### Required work
All of the entries need to be repeated exactly. Leave nothing out.

### Source material
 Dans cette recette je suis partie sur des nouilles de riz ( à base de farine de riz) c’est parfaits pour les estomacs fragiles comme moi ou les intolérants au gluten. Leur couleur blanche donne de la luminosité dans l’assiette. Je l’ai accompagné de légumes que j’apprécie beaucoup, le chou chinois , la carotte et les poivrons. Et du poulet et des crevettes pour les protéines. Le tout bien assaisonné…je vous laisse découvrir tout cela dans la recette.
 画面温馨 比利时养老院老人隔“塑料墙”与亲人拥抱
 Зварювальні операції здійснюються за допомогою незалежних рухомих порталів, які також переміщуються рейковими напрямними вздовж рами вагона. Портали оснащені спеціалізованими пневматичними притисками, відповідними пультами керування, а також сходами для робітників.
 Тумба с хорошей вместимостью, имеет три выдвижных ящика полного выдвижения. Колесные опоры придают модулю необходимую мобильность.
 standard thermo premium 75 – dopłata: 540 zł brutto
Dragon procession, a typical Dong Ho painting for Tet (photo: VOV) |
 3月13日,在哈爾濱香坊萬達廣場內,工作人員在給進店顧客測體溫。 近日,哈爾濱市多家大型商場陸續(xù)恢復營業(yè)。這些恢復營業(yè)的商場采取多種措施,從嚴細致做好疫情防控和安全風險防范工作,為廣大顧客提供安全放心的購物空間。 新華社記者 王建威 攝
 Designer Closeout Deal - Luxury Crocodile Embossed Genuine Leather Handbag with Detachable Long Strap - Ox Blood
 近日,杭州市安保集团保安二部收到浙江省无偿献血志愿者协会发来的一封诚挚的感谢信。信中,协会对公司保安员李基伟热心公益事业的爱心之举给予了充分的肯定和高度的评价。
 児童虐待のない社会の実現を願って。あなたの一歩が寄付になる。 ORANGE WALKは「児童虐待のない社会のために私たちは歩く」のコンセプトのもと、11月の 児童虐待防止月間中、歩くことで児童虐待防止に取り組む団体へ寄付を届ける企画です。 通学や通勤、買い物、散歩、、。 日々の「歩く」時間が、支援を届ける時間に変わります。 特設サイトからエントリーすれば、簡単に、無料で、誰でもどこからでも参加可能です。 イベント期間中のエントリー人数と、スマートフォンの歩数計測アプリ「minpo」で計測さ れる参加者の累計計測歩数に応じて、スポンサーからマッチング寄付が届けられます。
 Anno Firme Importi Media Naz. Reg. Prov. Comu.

### Expected output
 Dans cette recette je suis partie sur des nouilles de riz ( à base de farine de riz) c’est parfaits pour les estomacs fragiles comme moi ou les intolérants au gluten. Leur couleur blanche donne de la luminosité dans l’assiette. Je l’ai accompagné de légumes que j’apprécie beaucoup, le chou chinois , la carotte et les poivrons. Et du poulet et des crevettes pour les protéines. Le tout bien assaisonné…je vous laisse découvrir tout cela dans la recette.
 画面温馨 比利时养老院老人隔“塑料墙”与亲人拥抱
 Зварювальні операції здійснюються за допомогою незалежних рухомих порталів, які також переміщуються рейковими напрямними вздовж рами вагона. Портали оснащені спеціалізованими пневматичними притисками, відповідними пультами керування, а також сходами для робітників.
 Тумба с хорошей вместимостью, имеет три выдвижных ящика полного выдвижения. Колесные опоры придают модулю необходимую мобильность.
 standard thermo premium 75 – dopłata: 540 zł brutto
Dragon procession, a typical Dong Ho painting for Tet (photo: VOV) |
 3月13日,在哈爾濱香坊萬達廣場內,工作人員在給進店顧客測體溫。 近日,哈爾濱市多家大型商場陸續(xù)恢復營業(yè)。這些恢復營業(yè)的商場采取多種措施,從嚴細致做好疫情防控和安全風險防范工作,為廣大顧客提供安全放心的購物空間。 新華社記者 王建威 攝
 Designer Closeout Deal - Luxury Crocodile Embossed Genuine Leather Handbag with Detachable Long Strap - Ox Blood
 近日,杭州市安保集团保安二部收到浙江省无偿献血志愿者协会发来的一封诚挚的感谢信。信中,协会对公司保安员李基伟热心公益事业的爱心之举给予了充分的肯定和高度的评价。
 児童虐待のない社会の実現を願って。あなたの一歩が寄付になる。 ORANGE WALKは「児童虐待のない社会のために私たちは歩く」のコンセプトのもと、11月の 児童虐待防止月間中、歩くことで児童虐待防止に取り組む団体へ寄付を届ける企画です。 通学や通勤、買い物、散歩、、。 日々の「歩く」時間が、支援を届ける時間に変わります。 特設サイトからエントリーすれば、簡単に、無料で、誰でもどこからでも参加可能です。 イベント期間中のエントリー人数と、スマートフォンの歩数計測アプリ「minpo」で計測さ れる参加者の累計計測歩数に応じて、スポンサーからマッチング寄付が届けられます。
 Anno Firme Importi Media Naz. Reg. Prov. Comu.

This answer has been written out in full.